Oh no, my charm detectors are all but nonexistent these days, I’m afraid. I guess I need to go shopping for some new ones.
If you get any good at psychology, you might actually have a stable career. Granted, it’s no better than a glorified social worker, in clinical settings. If you want to work the traditional route with that, it’s best to just go the full throttle and become a psychiatrist or psychiatric nurse, then you get to prescribe medication.
What type of psychology is it that you are into then? I should have probably asked that before I ran away at the mouth.
Sometimes I fink life would have been easier if I just went into business of some kind, I really do. You’re right though, fashion is finiky. That’s why I don’t pay much attention to it, I think.

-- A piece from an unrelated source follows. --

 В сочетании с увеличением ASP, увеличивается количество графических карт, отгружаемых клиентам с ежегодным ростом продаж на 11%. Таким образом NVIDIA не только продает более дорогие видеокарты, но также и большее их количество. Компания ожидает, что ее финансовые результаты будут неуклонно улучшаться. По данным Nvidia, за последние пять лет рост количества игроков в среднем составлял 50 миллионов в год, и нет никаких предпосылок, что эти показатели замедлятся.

Oh I wouldn’t say that you ran away at the mouth, you merely provided insight on something you are apparently knowledgeable in. Nothing wrong with that. I’ve thought about psychiatry but I’m really not all that fond of medicating people if it’s not absolutely necessary, and the population I want to work with is children and youth.

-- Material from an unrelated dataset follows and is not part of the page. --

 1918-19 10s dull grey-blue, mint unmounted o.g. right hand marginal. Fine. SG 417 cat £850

Ah well, there are plenty of “easy” routes to take in life, but they come with their own downsides as well. Every field does.
It was dreading, really. All eyes were on me. I guess they didn’t expect me to show.
But you know what kudos to you. Actually showing up was like a badass “fuck you” which is very commendable.
But.. that’s how leather came about.. it’s made from.. cows’ skin… Well, human beings are cruel sometimes. Aaahhh.. you are picky then. Not going to fault you. You are a woman. I’m sure you can find those in Primark… Or some weird ass shop at Soho. Are you new here or something? Just because I knew the names of the princesses doesn’t make me a fan. Plus that bloody song is bloody everywhere.
Nah, I make friends by being my charming self.
You know…if I were a sensitive girl I’d be offended by the way you insinuated that all women are picky. That’s a bit sexist you know. Careful you don’t end up with some pissy lady spilling soda all over you or smacking you with her purse. I don’t know man…the song is everywhere but the princess’s names aren’t in that song. So you must have paid some serious attention to the commercials…or watched the movie.
Mmm yes, I can totally see how your “on the verge of being semi insulting and hostile” humor would win you lots of friends.
Maybe you should just go and do that instead of finishing school? That way you can avoid the debt of gettin’ an education, and make loads of cash off people such as yourself.
Granted, school is a bit important, I should fink. I mean, that wouldn’t be advice I would give my own daughter, but a solid business idea is a solid business idea.
Yeah but then what happens if my line of college oriented backpacks flops. Then I have nothing to fall back on. Fashion is a finicky and unstable industry. Not that psychology is without it’s flaws as a field, but no matter how much the world changes there will always be a need for it.